Голос калифа возвысился, побледневшие от холода щеки разрумянились, а губы дрогнули в мечтательной улыбке.
— …И кто, как не я, позаботится о нем, точно добрый отец о милых сердцу детях? И других детей мне не надо — ибо и у них имеются отцы, достойные своего звания и планиды. И как отец своего народа, я должен быть мудрым, дальновидным и рачительным хозяином в своей большой семье. Так что, даже если бы ты предложил мне что-нибудь такое, чего у меня не было и чего мне хотелось бы, поверить тебе было бы противно моему существу, как противен огонь дикому зверю. Нам не о чем говорить, Пожиратель Душ.
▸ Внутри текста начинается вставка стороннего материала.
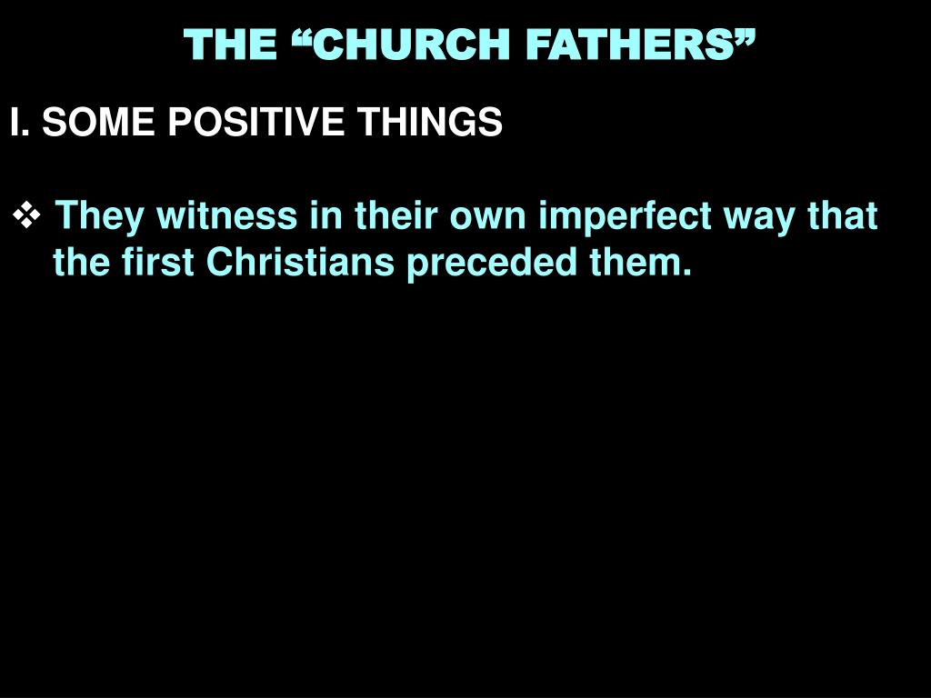 THE “CHURCH FATHERS” • I. SOME POSITIVE THINGS • They witness in their own imperfect way that the first Christians preceded them.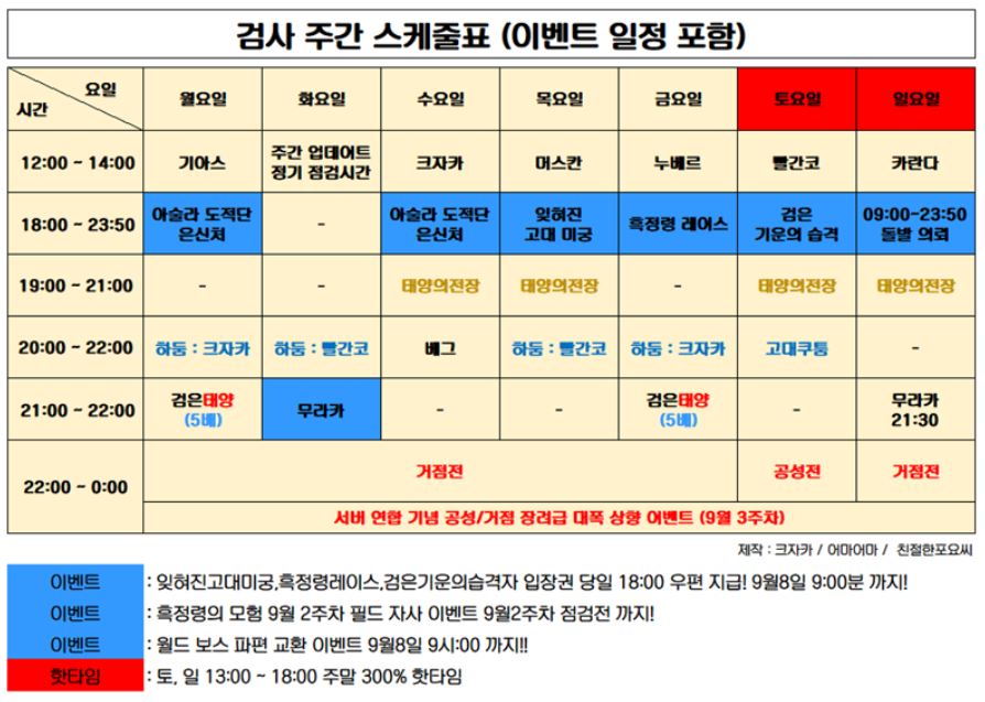 검은사막M 주간 보스 정보 및 이벤트 시간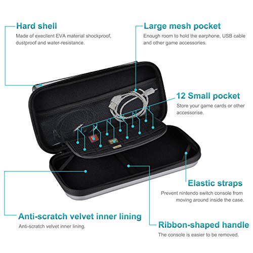 【CUSTODIA PREMIUM】 Protegge e MANTIENE FERMA la tua console Nintendo e quindi anche piu' facile da portare in giro. Capienza super con spazi dedicati per ogni accessorio Nintendo. Resistente alle cadute, graffi e colate d'acqua (ma non immergibile ).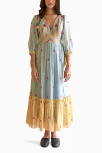 Discover our sumptuous Sunny Sky dress in the eye-soothing hue of sky blue and pale yellow. A combination of stripes & floral print has been used in the dress to add more drama to it. Fall for its feminine silhouette which is further enhanced by hand embroidery details on the bodice. It features a V-neckline and three-quarter tie-up sleeves. It also has an alluring deep square back and a tier at the bottom. Fitted at its waist and flared at the bottom, this Chanderi silk dress is perfect for a summer day outing.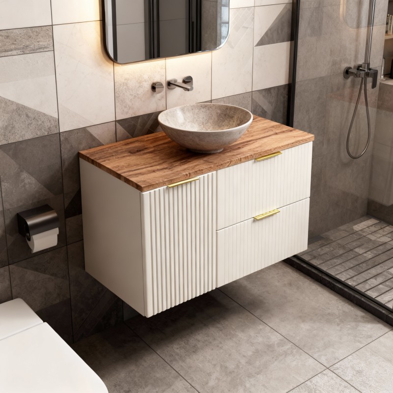 Fabriqué en panneaux de particules et MDF de première qualité, cet ensemble suspendu allie solidité et esthétisme. Sa conception facilite le nettoyage du sol et garantit une installation durable.
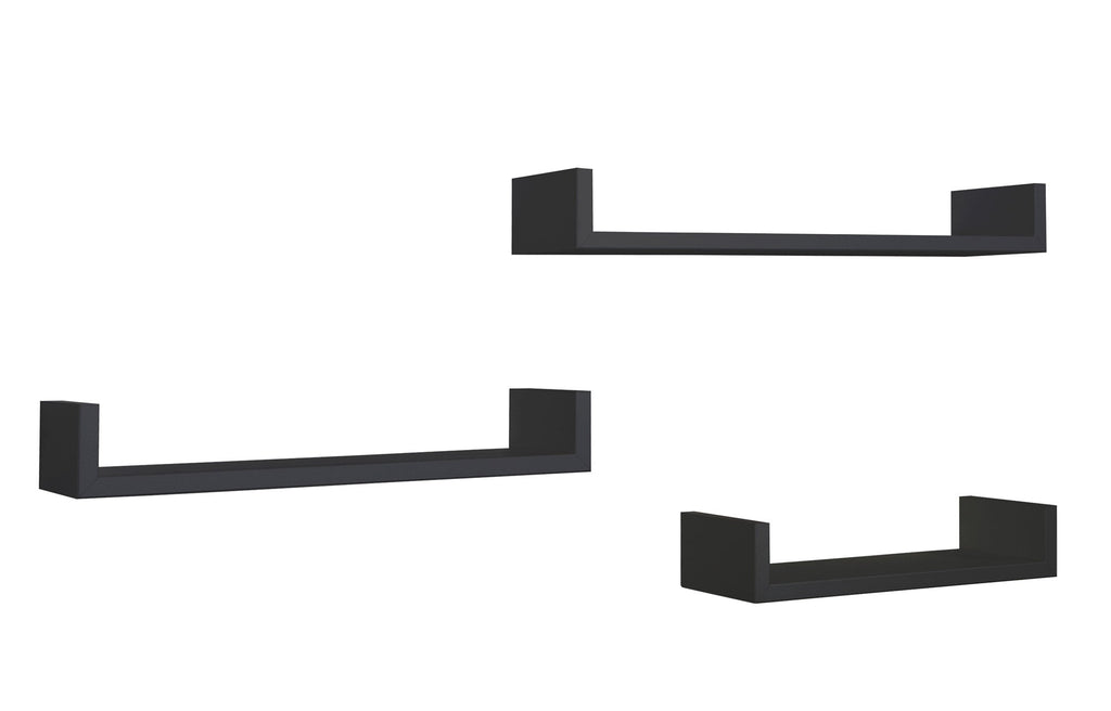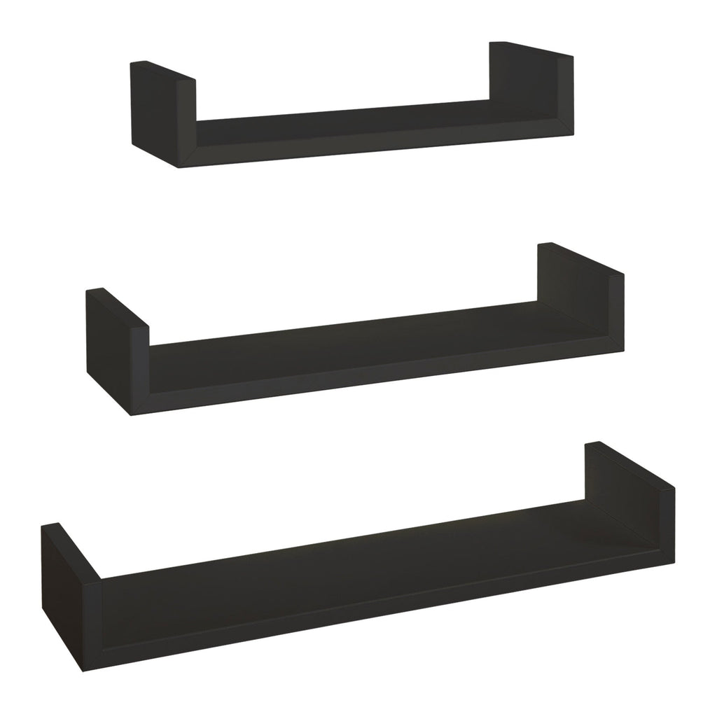Set 3 Mensole da Parete 60-50-40x15,5x8 cm in Fibra di Legno Calamita Nero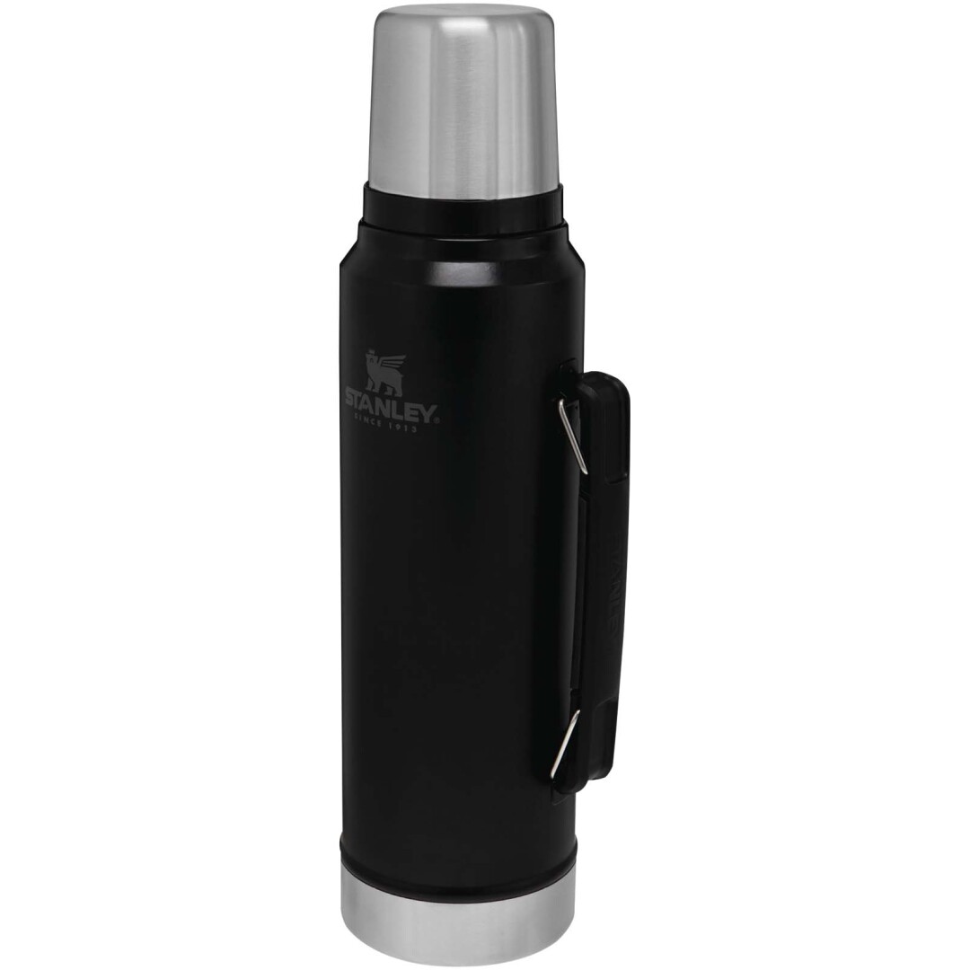Litrová fľaša Stanley má odolnú konštrukciu a vákuovú izoláciu, ktorá udrží nápoje horúce alebo studené po dobu 24 hodín. Fľaša je dostatočne štíhla na držanie jednou rukou a má otočné veko pre ľahké nalievanie. Izolované viečko môže tiež slúžiť ako šálka na pitie. Fľaša je vhodná do umývačky, nepriepustná, odolná proti potu, rozbitiu a ľahko sa čistí. Nerezová oceľ.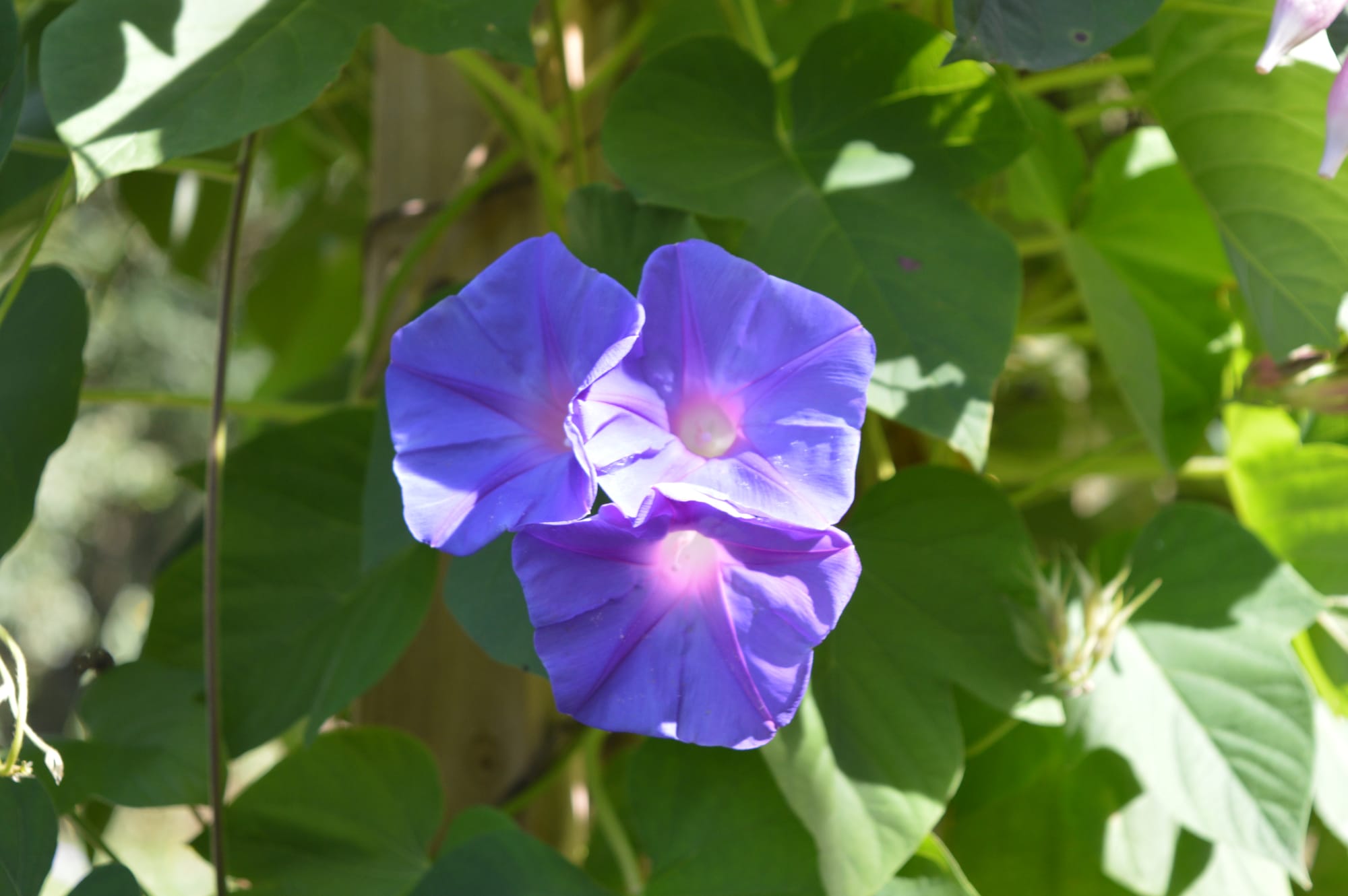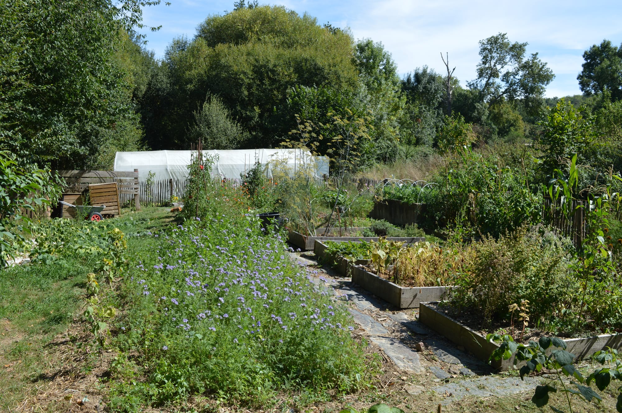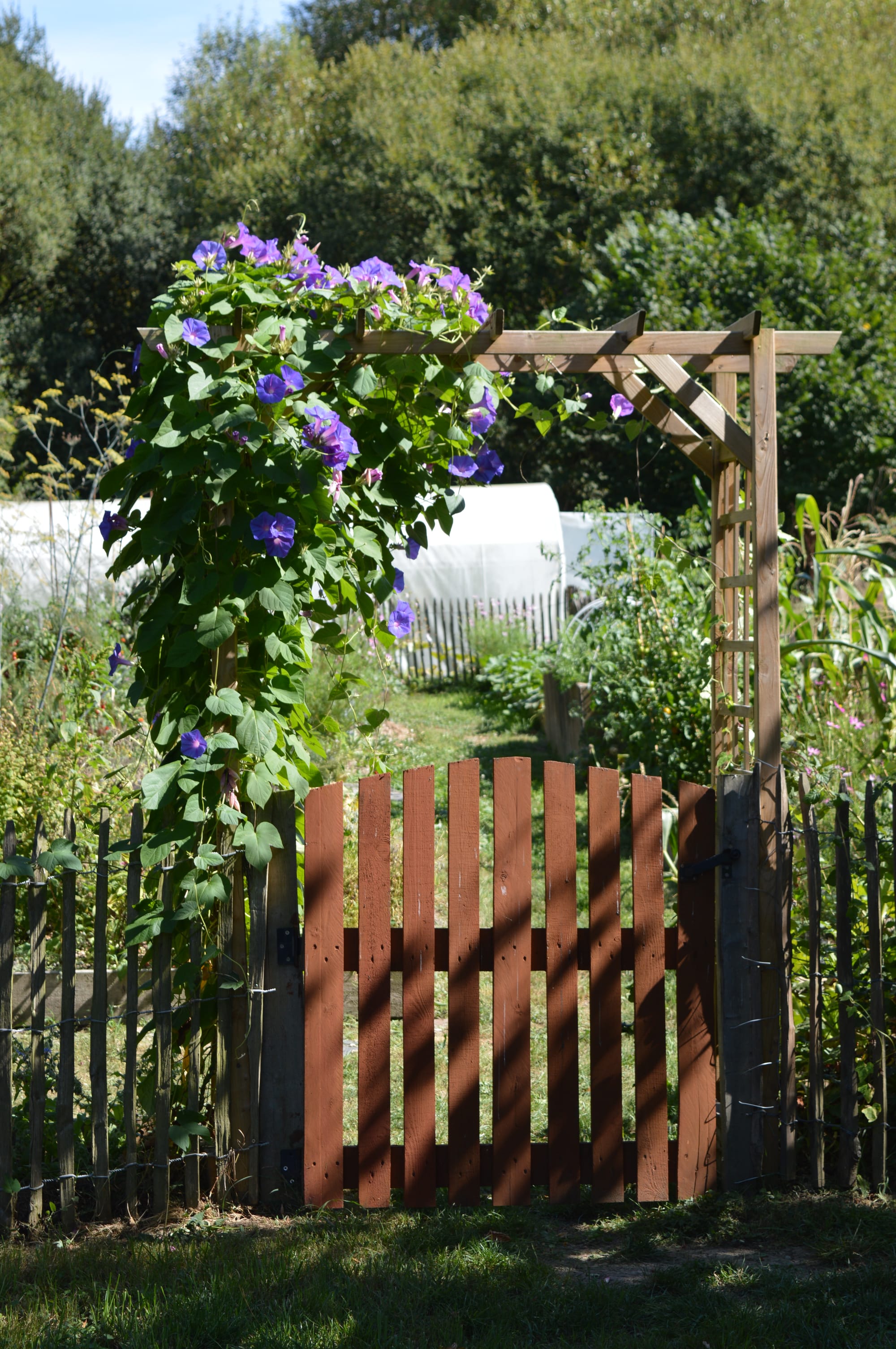L'entrée du potager avec l'ipomée en fleur ; une vue du potager avec le carré des pommes de terre remplacées par un champs de phacélie ; Tristan récolte des tomates cerises jaunes

Ступай в свою тьму и не показывайся больше: тебя тут никто не ждет, и никому не нужен ни ты, ни твои ядовитые речи.
— Но разве тебе, как отцу своего народа, свойственны эгоизм и равнодушие? — удивление звучало не то, что в каждом слове — в каждой букве. — Не убедившись собственными глазами, никогда бы не поверил в это!
— Что ты имеешь в виду? — нахмурился калиф.
— То, что ты счастлив сам, и народ твой благословляет свой удел под твоим правлением, о разумнейший из правителей Белого Света, еще не значит, что остальные люди счастливы тоже! — взволнованно воскликнул баритон.
— Гарун аль-Марун, мой достославный предок, чья мудрость сияла как солнце на небосклоне, превращая даже самую темную ночь невежества в радостный день просвещения, притененный легкими облачками познания, — важно проговорил шатт-аль-шейхец, — учил:
Кто щедро раздаёт в пустыне снег,
Тот вызовет презренье или смех.
Калиф, запомни: ты — не благодетель,
Ты счастьем каждого не осчастливишь всех!